→ Dataset extract:
━━━━━━━━━━━━━━━━━━━━━━━━━━━━━━

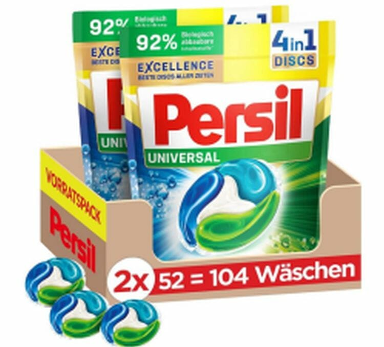 Bei Amazon gibt es derzeit die Persil Universal DISCS 4-in-1 104 Waschladungen Vollwaschmittel mit Tiefenrein-Plus für 28,07€ im Spar-Abo
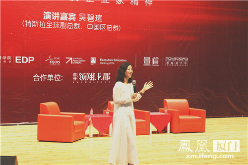 吴碧瑄有着丰富的跨国公司管理经验,在加入特斯拉之前,曾在麦肯锡、摩托罗拉、苹果等公司担任高管。今天她带来了关于特斯拉、关于企业发展、关于理想等方面的亲身感悟,让现场观众深受启迪。
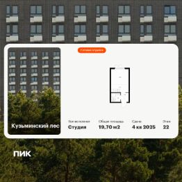 Продаётся квартира-студия площадью 19,7 кв.м на 22 этаже 25 этажного дома (Корпус 12, Секция 1) проекта ПИК Кузьминский лес. Светлый просторный подъезд на уровне земли, функциональная планировка, большие окна, c отделкой.

━━━━━━━━━━━━━━━━━━━━━━━━━━━━━━

→ What is expected:
Leave out every picture and copy verbatim the lines running from the line containing "吴碧瑄有着丰富的跨国公司管理" through the final line of the data.

→ Answer section:
 吴碧瑄有着丰富的跨国公司管理经验,在加入特斯拉之前,曾在麦肯锡、摩托罗拉、苹果等公司担任高管。今天她带来了关于特斯拉、关于企业发展、关于理想等方面的亲身感悟,让现场观众深受启迪。
 Продаётся квартира-студия площадью 19,7 кв.м на 22 этаже 25 этажного дома (Корпус 12, Секция 1) проекта ПИК Кузьминский лес. Светлый просторный подъезд на уровне земли, функциональная планировка, большие окна, c отделкой.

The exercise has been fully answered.